Anne Hidalgo, the candidate of the Socialist Party (PS) in the presidential election, has planned to organize a dinner, Wednesday, April 6, in the company of eminent representatives of her training. A meal that was not on any official agenda. Four days before the first round of the ballot, during these feasts which were intended to be secret, it was not so much a question of negotiating the home stretch of a dormant campaign as well as of launching, right now, the great maneuvers for the recomposition of the PS and the left.
According to our information, at 8 p.m., six guests are to meet in the dining room of the Senate quaestorship, boulevard Saint-Michel, in Paris: the inviting powers first, Anne Hidalgo, the mayor of Paris, and Patrick Kanner , the president of the socialist group in the Senate. In their company: the former President of the Republic François Hollande, the mayor of Lille, Martine Aubry, the president of the Occitanie region, Carole Delga, the mayor of Nantes and campaign director for Anne Hidalgo, Johanna Rolland. The former Prime Minister, Bernard Cazeneuve, was not available.
There is another notable absentee, but who did not receive the slightest invitation card: Olivier Faure, the first secretary of the PS. Because in reality, for all these guests, the PS, in its current form, has lived. His first secretary surely too. Moreover, Anne Hidalgo and Carole Delga have, on several occasions in recent weeks, regretted that the PS has not, for five years, worked enough to win back a substantial electorate.
The agenda of this nocturnal Yalta is twofold. Organize the post-presidential election by thinking about a new social-democratic movement that would go far beyond the PS. A gathering which could include, in a second time, environmentalists, communists and radical leftists.

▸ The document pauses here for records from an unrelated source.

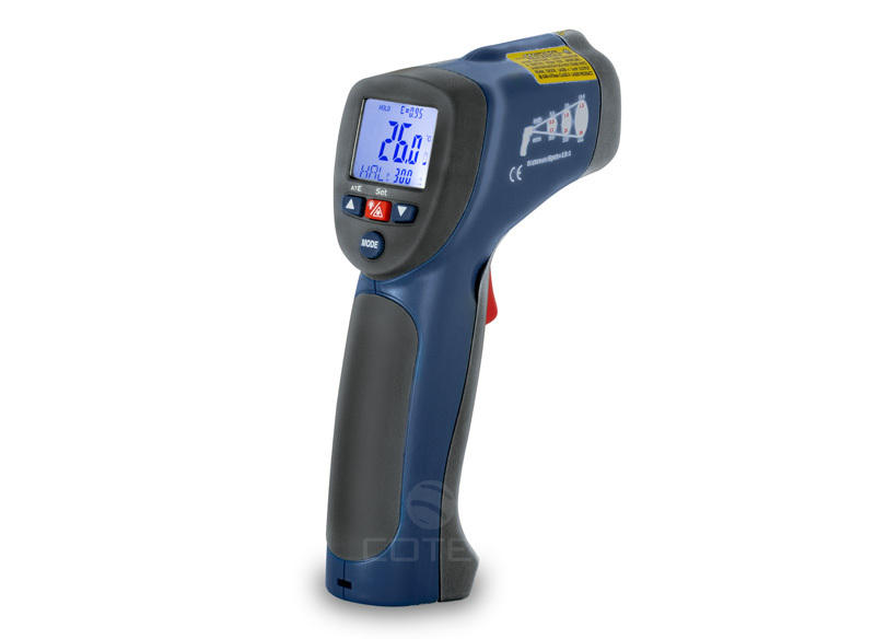 Пирометр CEM DT-8833 выполнен в виде "пистолета" с удобной рукояткой, оснащен лазерным указателем цели и широким жидкокристаллическим экраном с подсветкой. Кнопочная панель позволяет изменять режимы измерения, включать и выключать подсветку, удерживать показания на экране. Благодаря скорости измерения - не более 1 секунды на замер - пирометр CEM DT 8833 успешно используется в технологических процессах, где нужна высокая производительность или динамический контроль.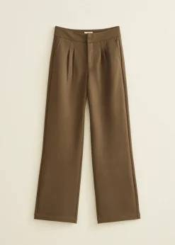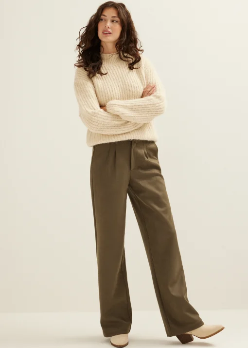 Wijde broek van jersey kwaliteit met hoge taille. De broek heeft een schuif- en ritssluiting, twee steekzakken aan voorkant en twee (nep)paspelzakken aan de achterkant. Aan de voorzijde is de broek voorzien van geplooide details die zorgen dat de broek mooi past. De broek heeft een zachte twill structuur. Combineer de wijde broek met een blouse voor een verfijnde look.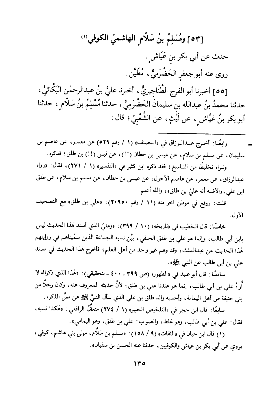 (53) وَمُسلم بن سَلام الْهَاشِمِي الْكُوفِي حدث عَن أبي بكر بن عَيَّاش روى عَنهُ أَبُو جَعْفَر الْحَضْرَمِيّ مطين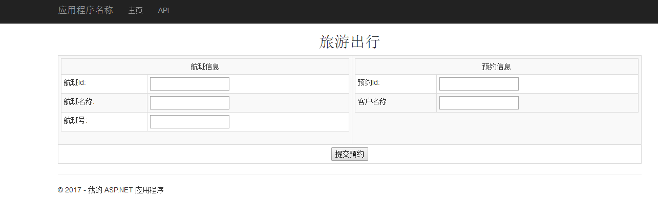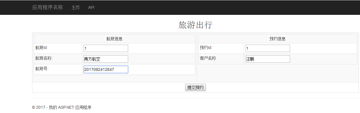 上述ReservTrip方法接受TripReservation对象。 该方法定义了TransactionScope,并在事务的上下文中捆绑了用于Flight和Hotel的Create操作,并将代码写入try-catch块中。 如果两个实体的SaveChanges方法成功执行,那么事务将被完成,否则回滚。接下来进行控制器调用。

The second subject of discussion should relate to a common position to be adopted from Sunday April 10, on the evening of the first round. The timing and its urgency are important because Olivier Faure has planned to speak in order to take strong action in view of the legislative elections, according to his entourage.
Driving a new approach
For Anne Hidalgo, who could record the worst score of a socialist candidate in the presidential election, this dinner, the first stone of a grand coalition, is crucial. It is about taking the initiative to hope to participate in this recomposition. For François Hollande, who is still reluctant to stand in the legislative elections, after having prepared at the beginning of the year to be a possible last resort if the mayor of Paris decides to withdraw from the presidential race, it is to position itself to play an essential role in the future. But this future, the ex-president envisages it without the current management of the PS and its first secretary.